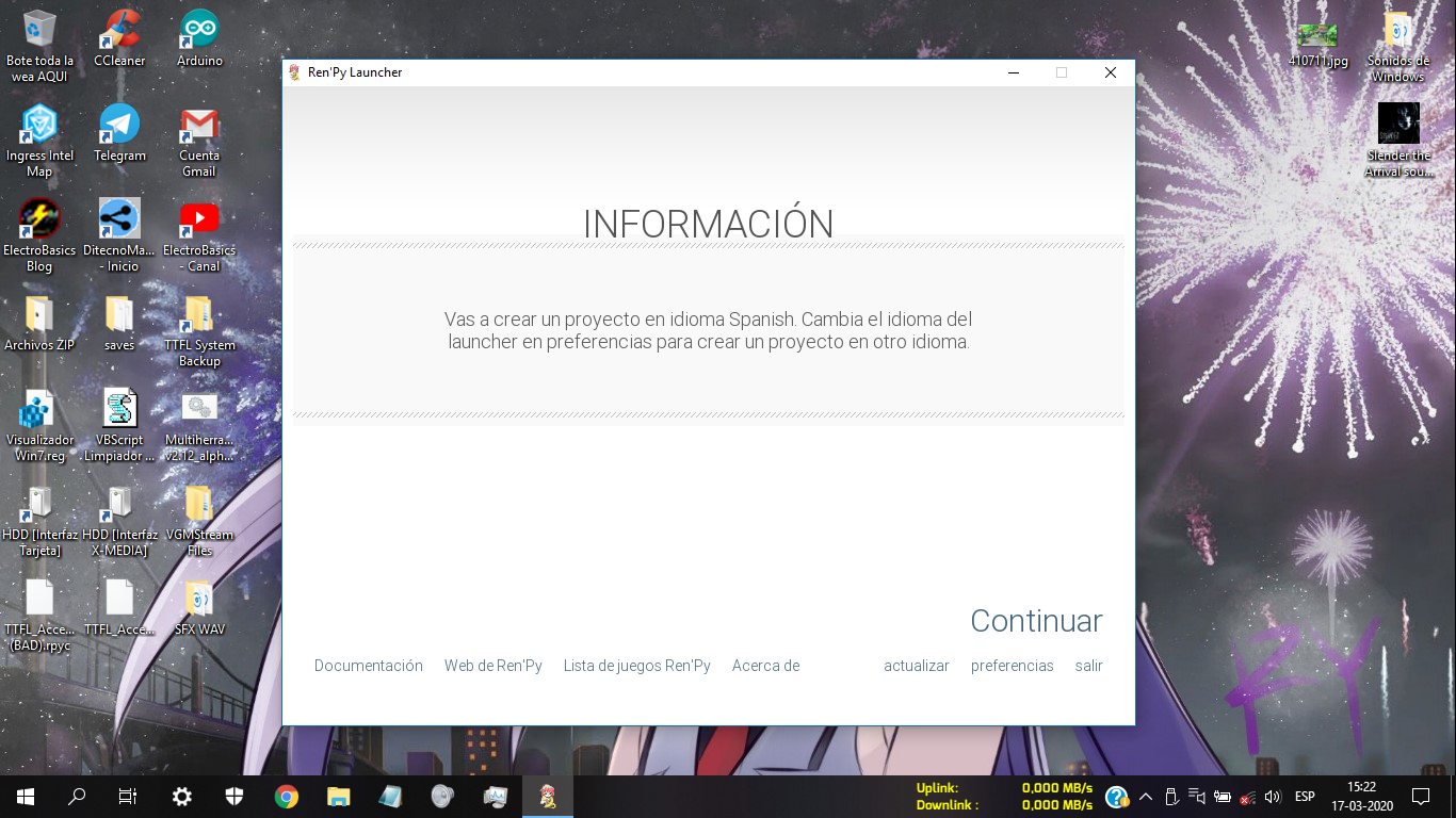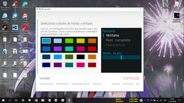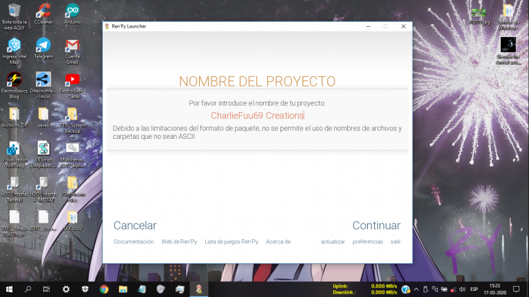 Luego de este paso, presionas “Continuar” y Ren’Py hará su trabajo. El motor puede demorarse 1 minuto o 2, dependiendo de las capacidades de tu hardware (Computadora).
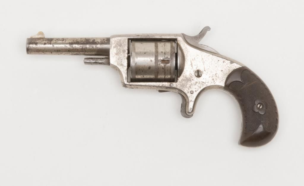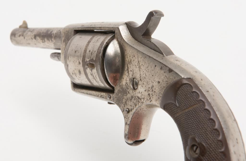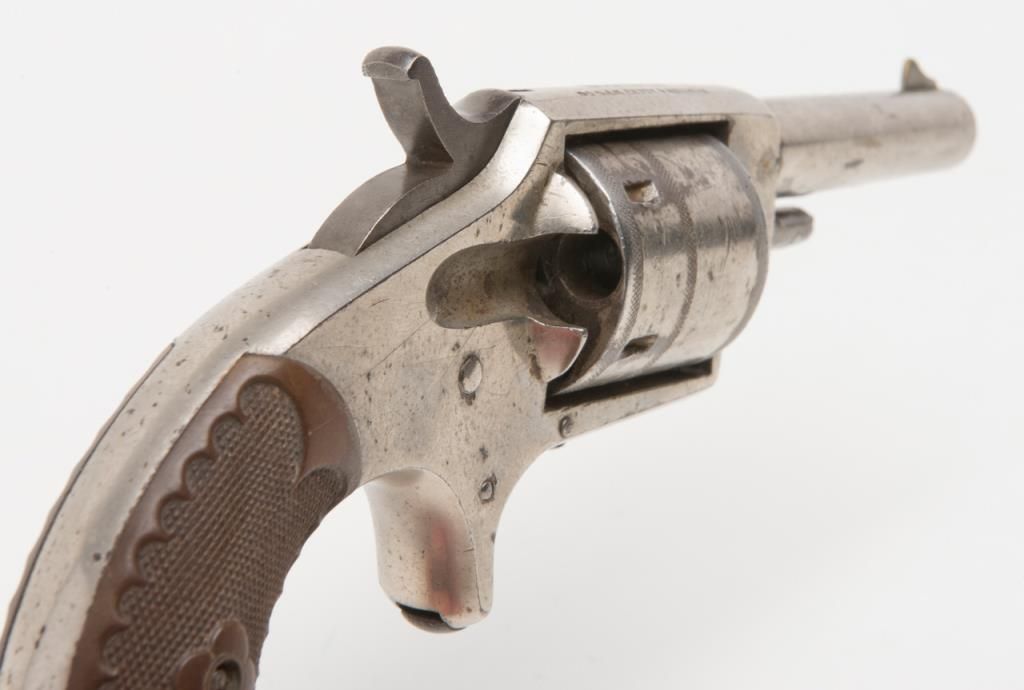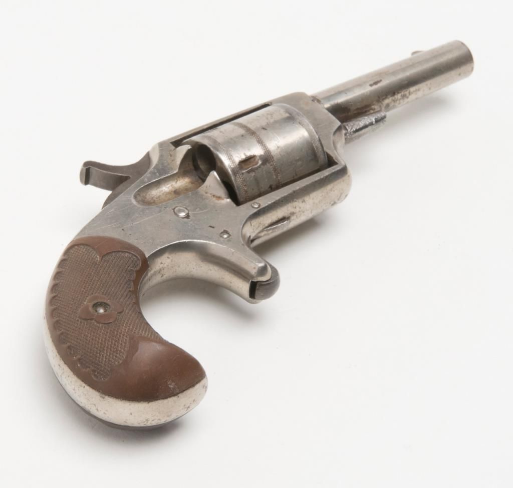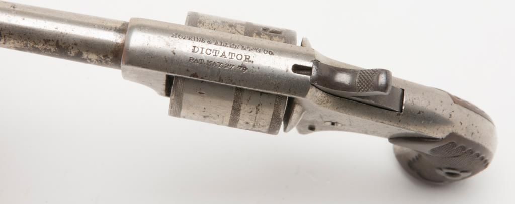 Hopkins & Allen Dictator spur trigger revolver, .30 cal., 3” round barrel, nickel finish, checkered hard rubber grips, #NVSN in overall fair to good condition showing considerable areas of original nickel finish, good action, fair bore,good markings and grips. (Antique). Est.: $50-$100.
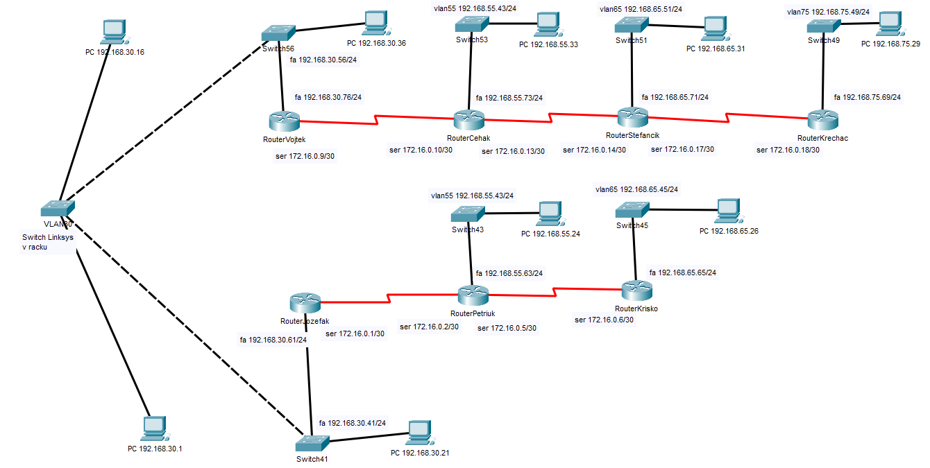 Switch s IP adresou 192.168.65.45 je modernejší model ako ostatné v učebni. Má novšie VLAN možnosti a
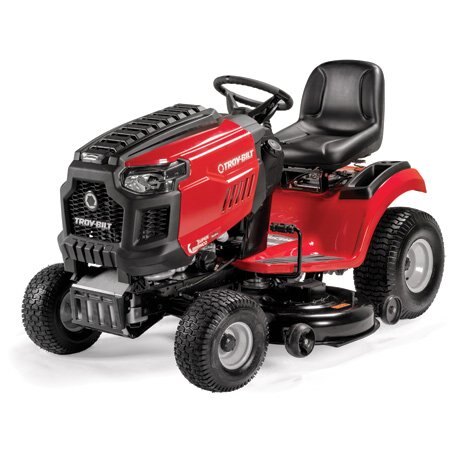 The Super Bronco™ lawn tractor is built to handle big yards and big challenges with its powerful 547cc Troy-Bilt® engine and durable cast-iron front axle. The Super Bronco 42 also features a foot-controlled hydrostatic transmission that delivers smooth, responsive control, while the rugged 13-gauge steel cutting deck with four deck wheels creates a perfect cut. And the high-back seat will keep you comfortable while mowing your larger yard.
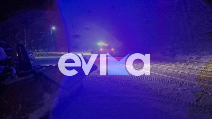Ξεκίνησε η σφοδρή επέλαση του χιονιά σε περιοχές της Εύβοιας λίγο πριν από τα μεσάνυχτα της Δευτέρας.
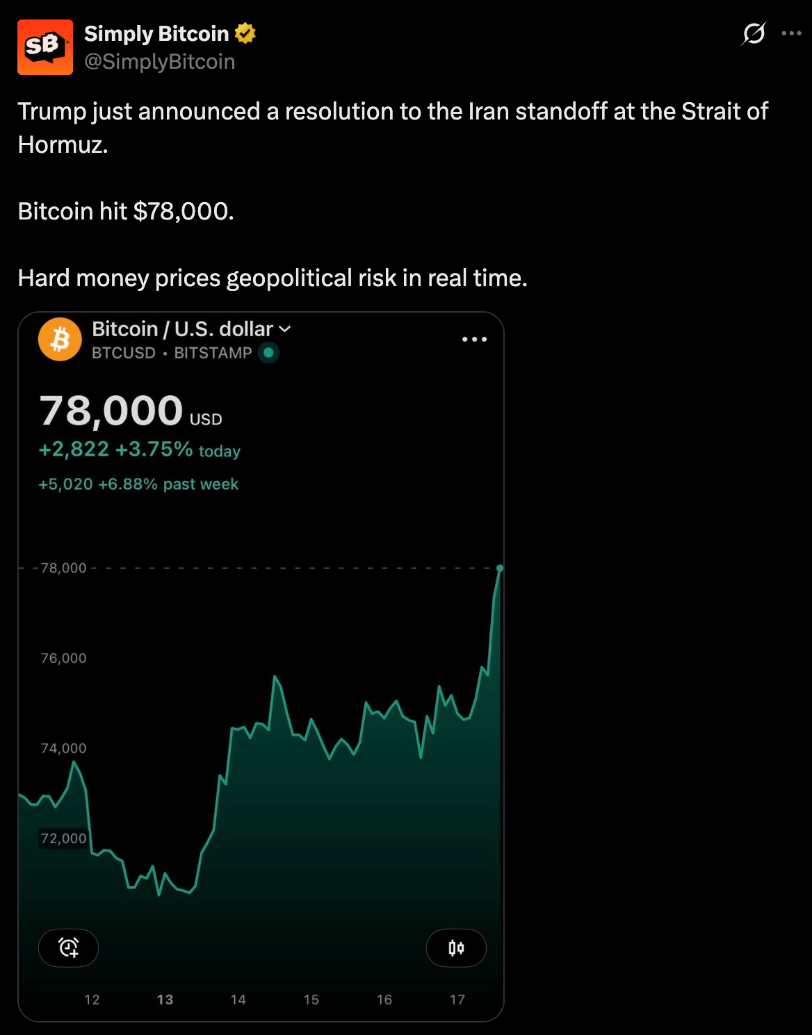 Bitcoin was sitting in the low $70,000s when Trump announced a resolution to the Iran standoff at the Strait of Hormuz. Within hours, it had cleared $78,000, a three-week high, up 6.88% on the week.
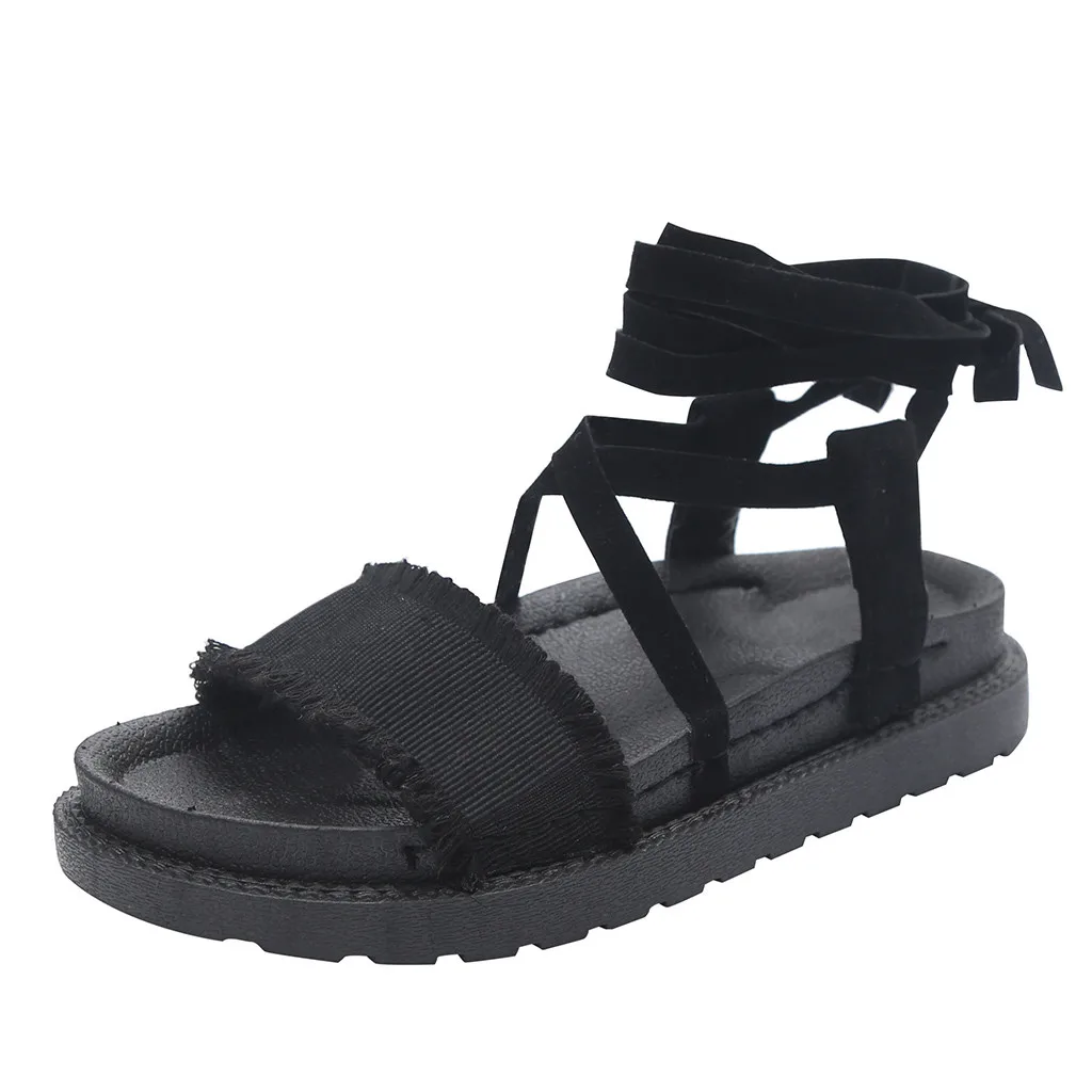 Женские сандалии; повседневная обувь на плоской подошве с открытым носком; римские сандалии на толстой подошве с перекрестными ремешками
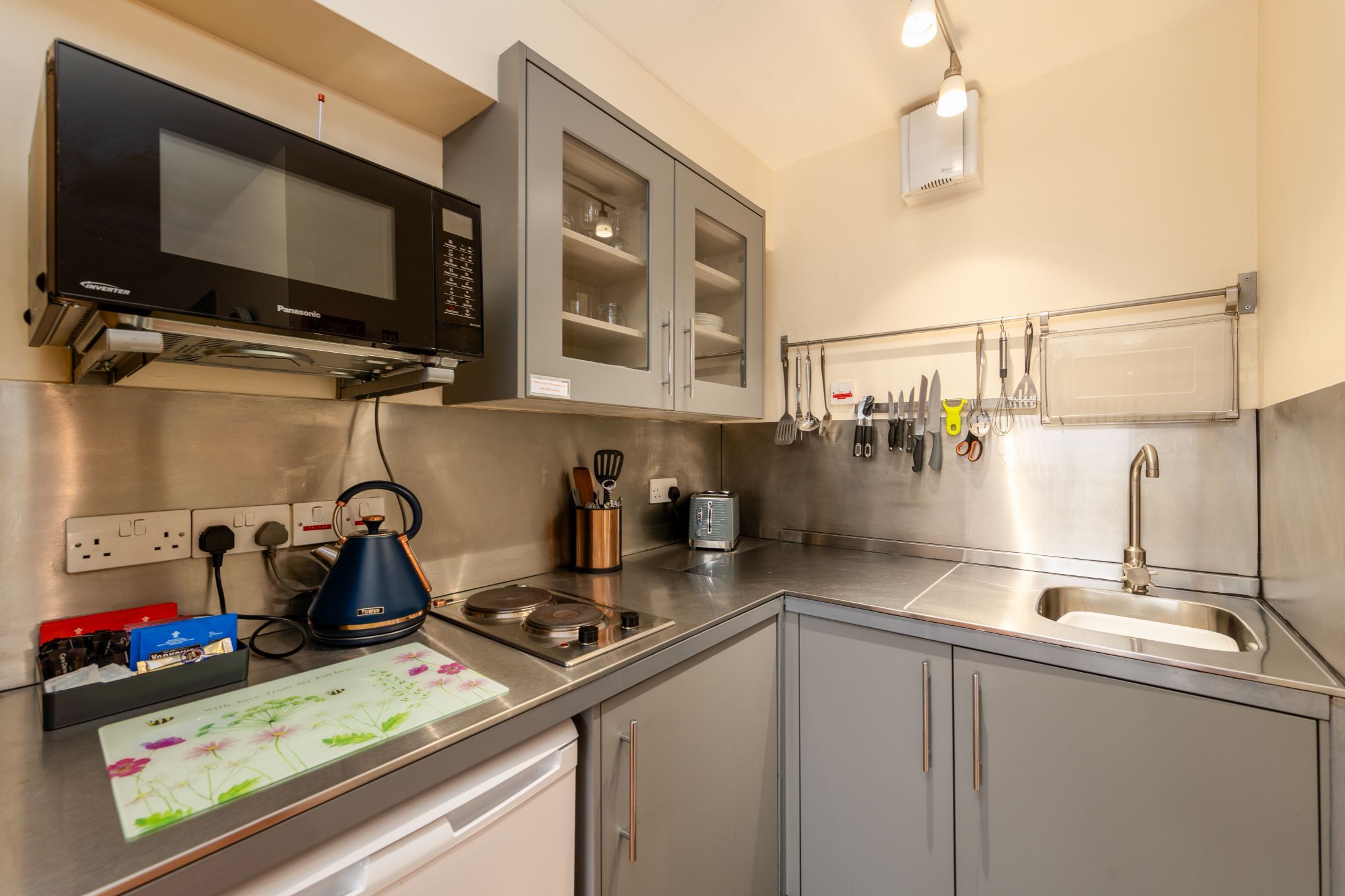 - Kitchen area with 2 ring electric hob, combination microwave/ grill/oven.
---
What you have to do: Reproduce exactly, with every picture left out, the lines from the one that contains "Женские сандалии; повседневная" to the final line of the records above.

Solution for this problem:
 Женские сандалии; повседневная обувь на плоской подошве с открытым носком; римские сандалии на толстой подошве с перекрестными ремешками
 - Kitchen area with 2 ring electric hob, combination microwave/ grill/oven.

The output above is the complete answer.